> _Problem description_
Skip any image you find and restate the rest of the data word for word.

> _Exercise data_
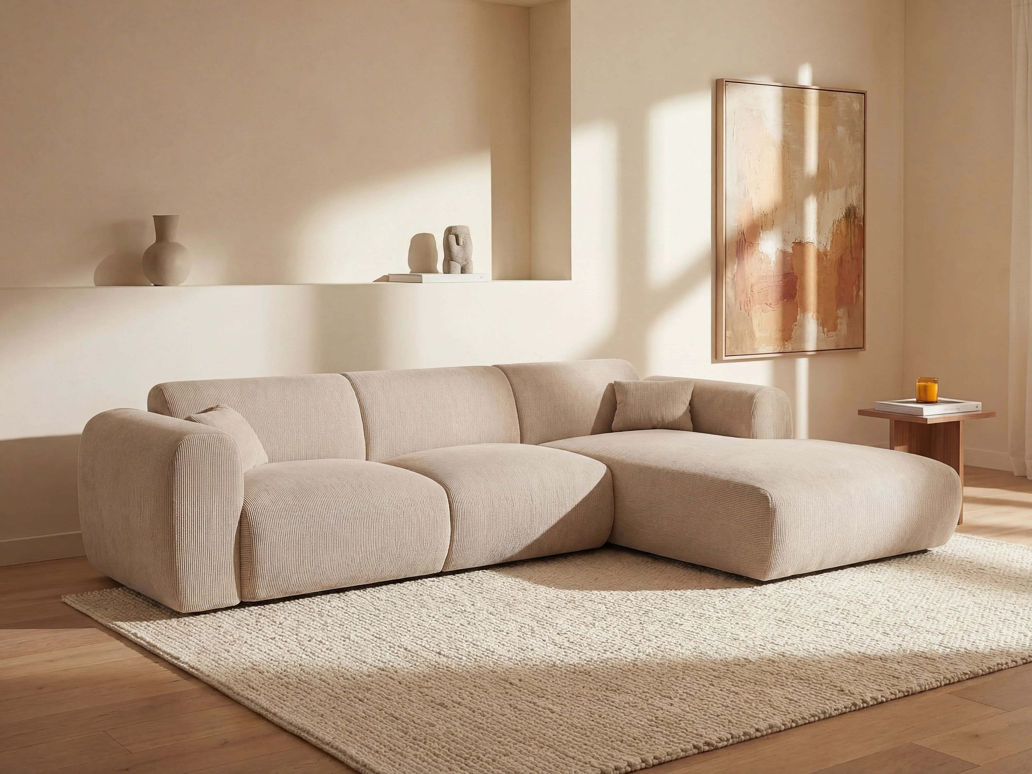 Sofá rinconera derecha de pana beige POGNI de Maison Céphy
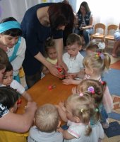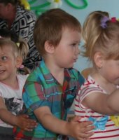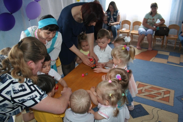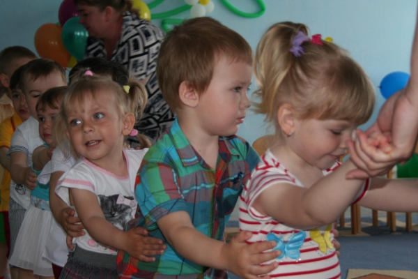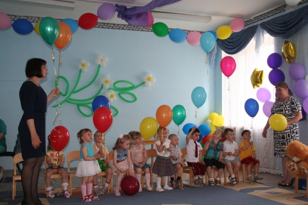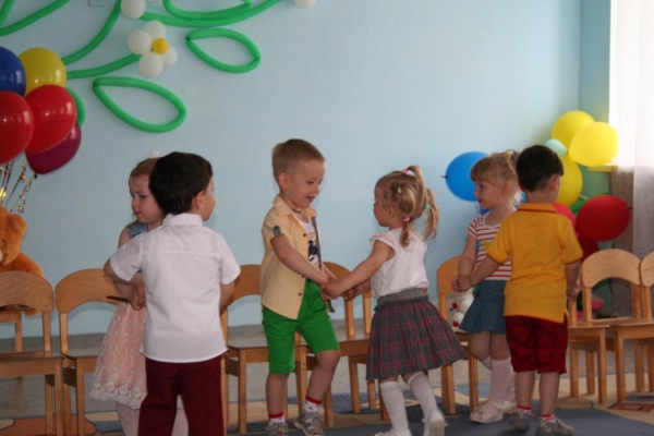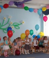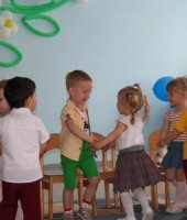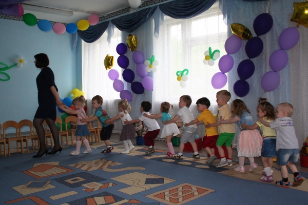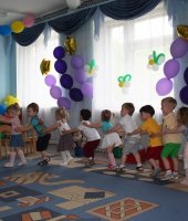 В конце учебного года в группе раннего возраста «Ягодка» мы провели праздник по теме «Стали мы уже большими». На этот праздник мы пригласили родителей малышей. Ребята отправились в путешествие на поезде в город Детства. В ходе этого путешествия дети посетили станцию «Спортивная» там они выполняли весёлую зарядку. На станции «Аппетитная» исполнили песню «Пирожки». Затем отправились в гости к игрушкам на станцию «Игрушечную», где все вместе накормили зайку овощами, а медвежонка фруктами угостили. На станции «Музыкальная» ребят встретила игрушка матрёшка, но потом случилось чудо, деревянная матрёшка ожила и пригласила всех ребят станцевать весёлую польку. Ещё матрёшка принесла в своей корзинке игрушечных подружек матрёшек, дети проявили быстроту, сообразительность в аттракционе «Собери матрёшку». Всём ребятам матрёшка подарила по воздушному шарику. Потом все сели в поезд и вернулись в детский сад.
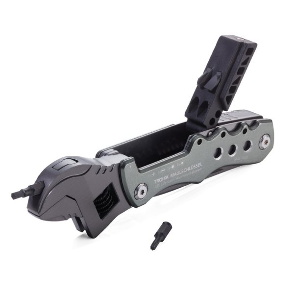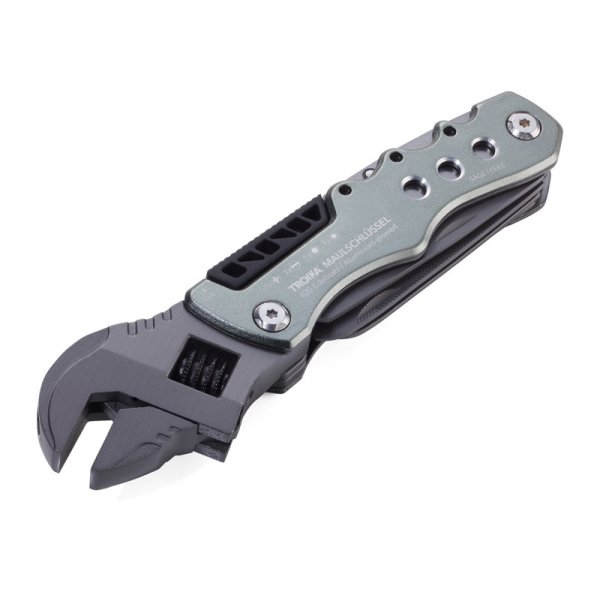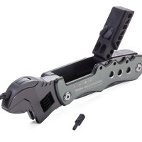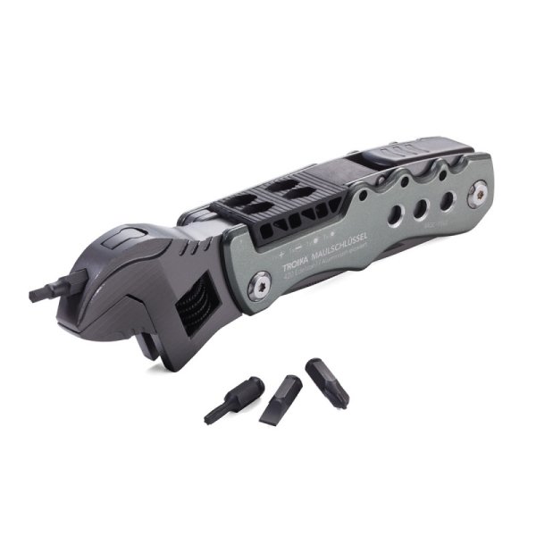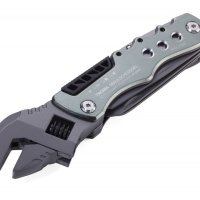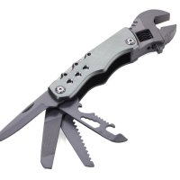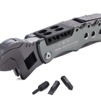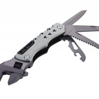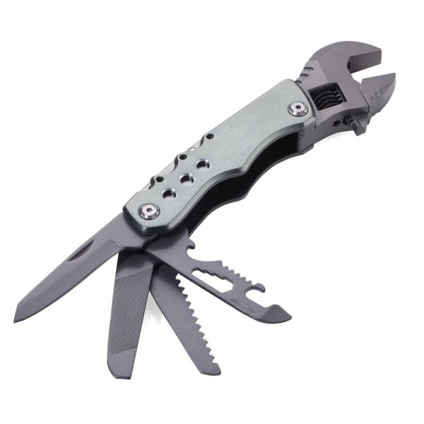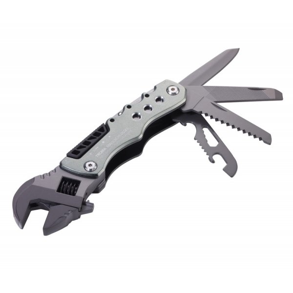 12 funkcji: klucz nastawny (angielski), nóż, piła, pilnik, otwieracz do butelek, otwieracz do puszek, szeroki śrubokręt płaski, klucz sześciokątny (4 rozmiary), 4 końcówki do narzędzia (płaska, krzyżakowa, nasadowa, sześciokątna)
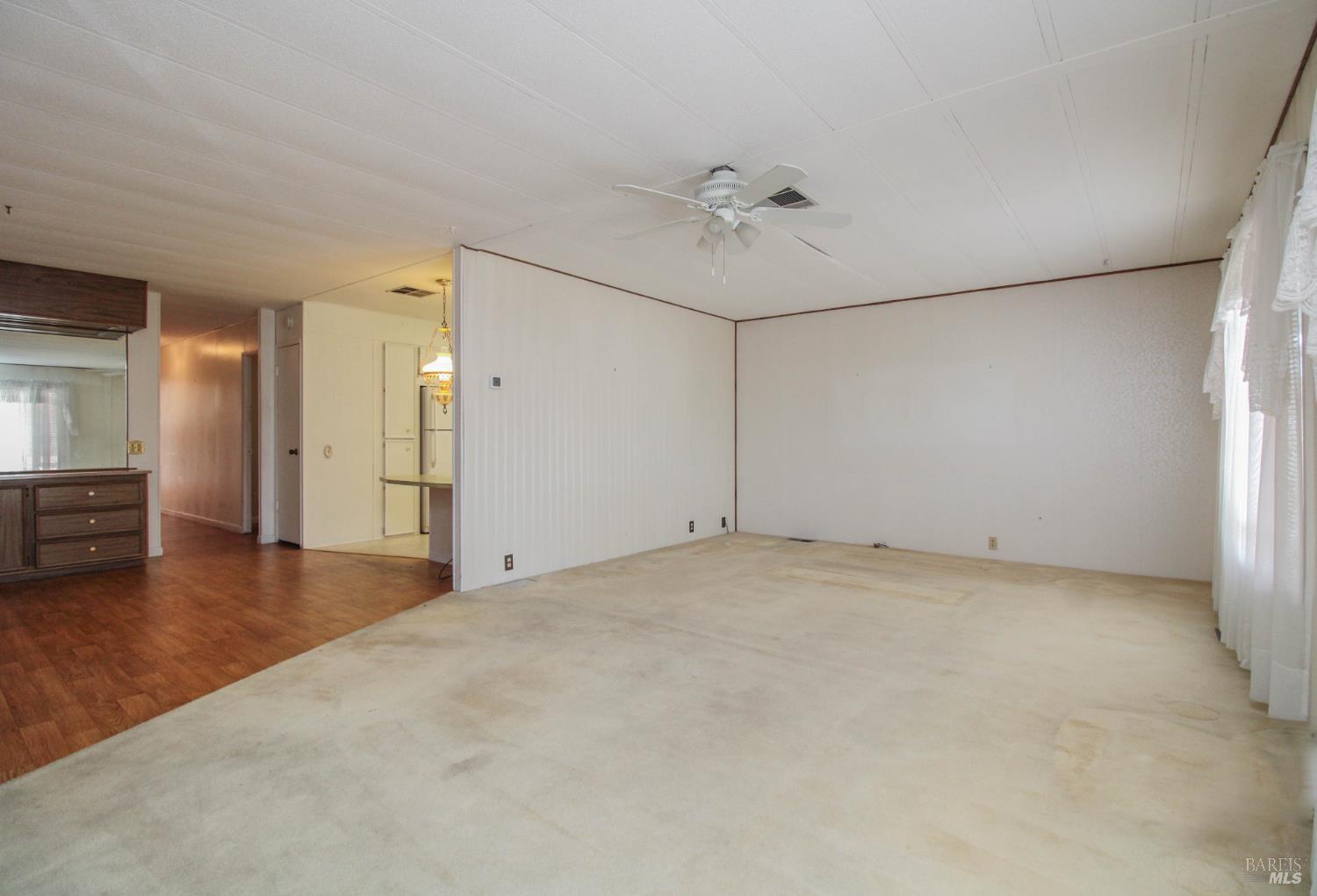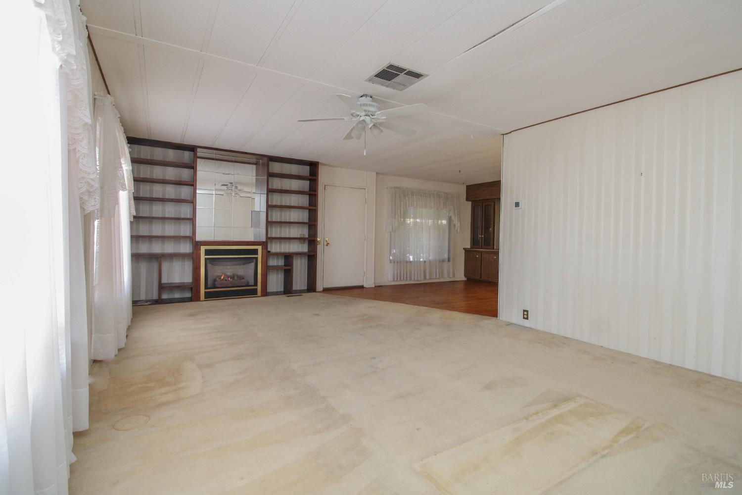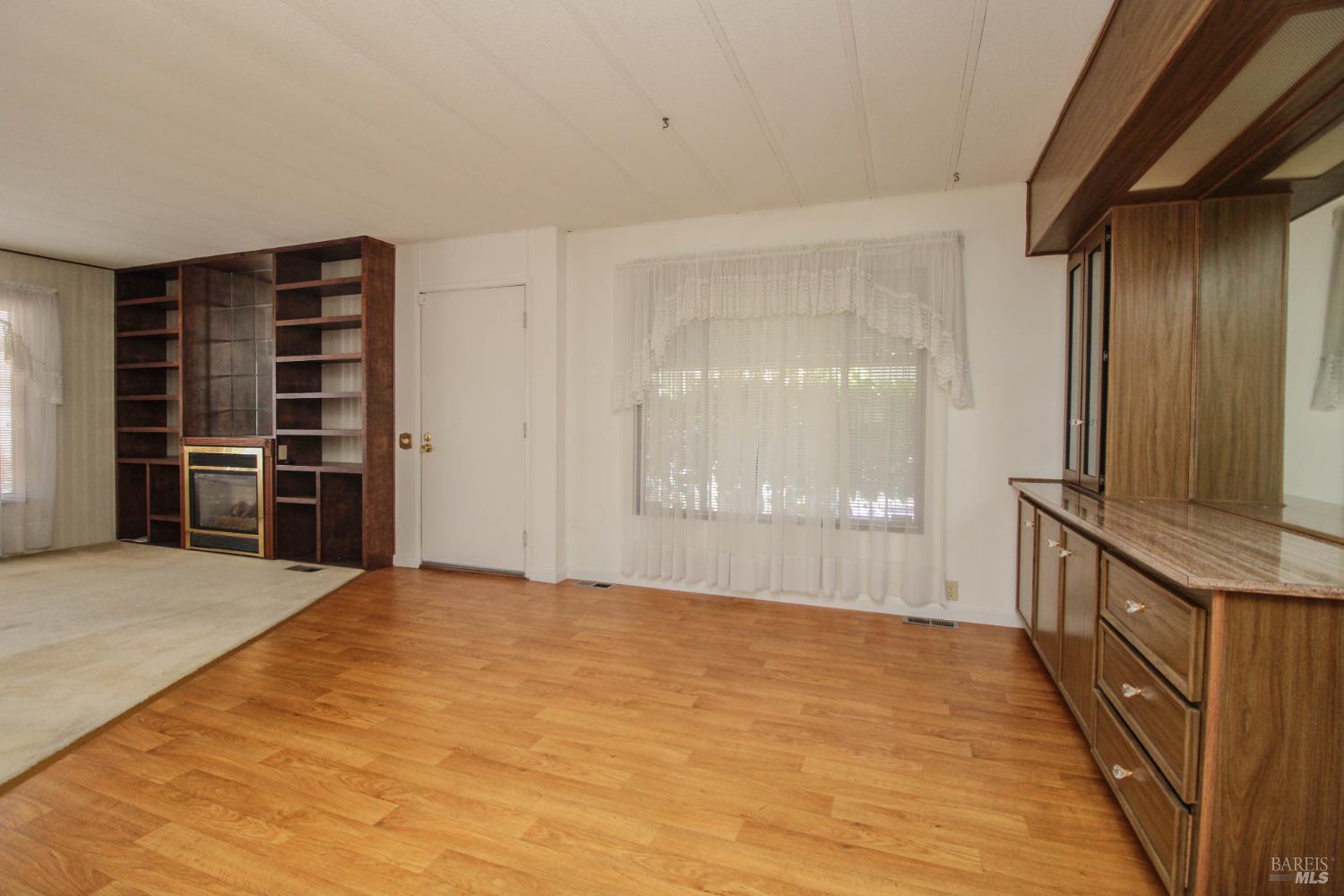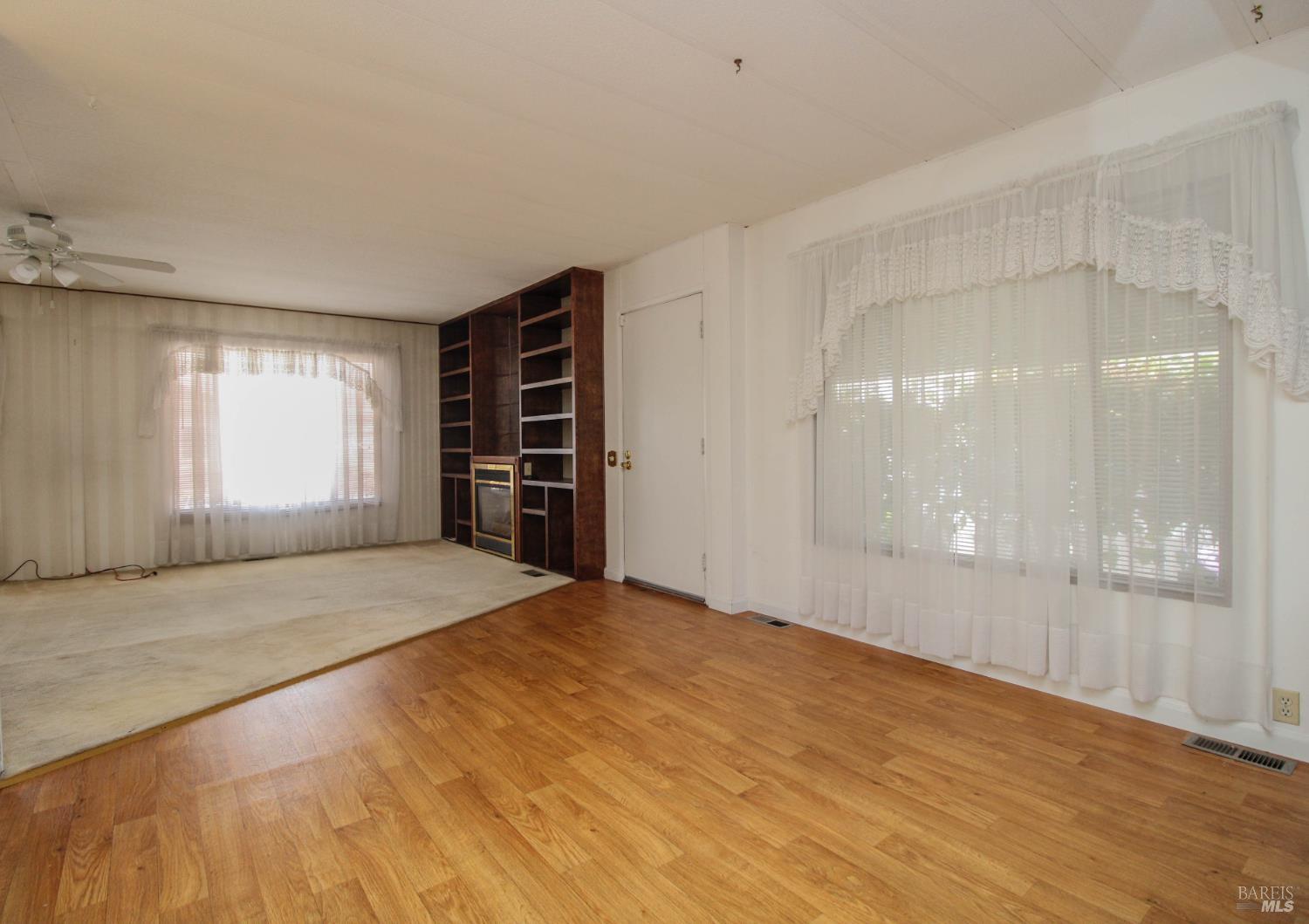 This 3 bedroom, 2 bathroom home offers great space and potential in a highly desirable family community. Built in 1974 and in original condition, this home is perfect for buyers looking to customize and add their personal touch.Features include a spacious and open living room with fireplace, abundant natural light, and built-in shelving for added character. The kitchen and living areas feel open and airy, ideal for everyday living. The home offers generously sized bedrooms, including a large primary suite with double sinks and ample closet space. Additional highlights include a spacious laundry room with sink and plenty of storage, central AC, ceiling fans, and a low-maintenance yard with an orange tree. Enjoy outdoor space with a side yard and added privacy with space between neighbors. Conveniently located next to guest parking with two-car parking available.Located in Dover Mobile Home Park, a family community near Travis Air Force Base, with easy access to the freeway and just minutes from Vacaville and surrounding areas.

> _Reply_
 Sofá rinconera derecha de pana beige POGNI de Maison Céphy
 В конце учебного года в группе раннего возраста «Ягодка» мы провели праздник по теме «Стали мы уже большими». На этот праздник мы пригласили родителей малышей. Ребята отправились в путешествие на поезде в город Детства. В ходе этого путешествия дети посетили станцию «Спортивная» там они выполняли весёлую зарядку. На станции «Аппетитная» исполнили песню «Пирожки». Затем отправились в гости к игрушкам на станцию «Игрушечную», где все вместе накормили зайку овощами, а медвежонка фруктами угостили. На станции «Музыкальная» ребят встретила игрушка матрёшка, но потом случилось чудо, деревянная матрёшка ожила и пригласила всех ребят станцевать весёлую польку. Ещё матрёшка принесла в своей корзинке игрушечных подружек матрёшек, дети проявили быстроту, сообразительность в аттракционе «Собери матрёшку». Всём ребятам матрёшка подарила по воздушному шарику. Потом все сели в поезд и вернулись в детский сад.
 12 funkcji: klucz nastawny (angielski), nóż, piła, pilnik, otwieracz do butelek, otwieracz do puszek, szeroki śrubokręt płaski, klucz sześciokątny (4 rozmiary), 4 końcówki do narzędzia (płaska, krzyżakowa, nasadowa, sześciokątna)
 This 3 bedroom, 2 bathroom home offers great space and potential in a highly desirable family community. Built in 1974 and in original condition, this home is perfect for buyers looking to customize and add their personal touch.Features include a spacious and open living room with fireplace, abundant natural light, and built-in shelving for added character. The kitchen and living areas feel open and airy, ideal for everyday living. The home offers generously sized bedrooms, including a large primary suite with double sinks and ample closet space. Additional highlights include a spacious laundry room with sink and plenty of storage, central AC, ceiling fans, and a low-maintenance yard with an orange tree. Enjoy outdoor space with a side yard and added privacy with space between neighbors. Conveniently located next to guest parking with two-car parking available.Located in Dover Mobile Home Park, a family community near Travis Air Force Base, with easy access to the freeway and just minutes from Vacaville and surrounding areas.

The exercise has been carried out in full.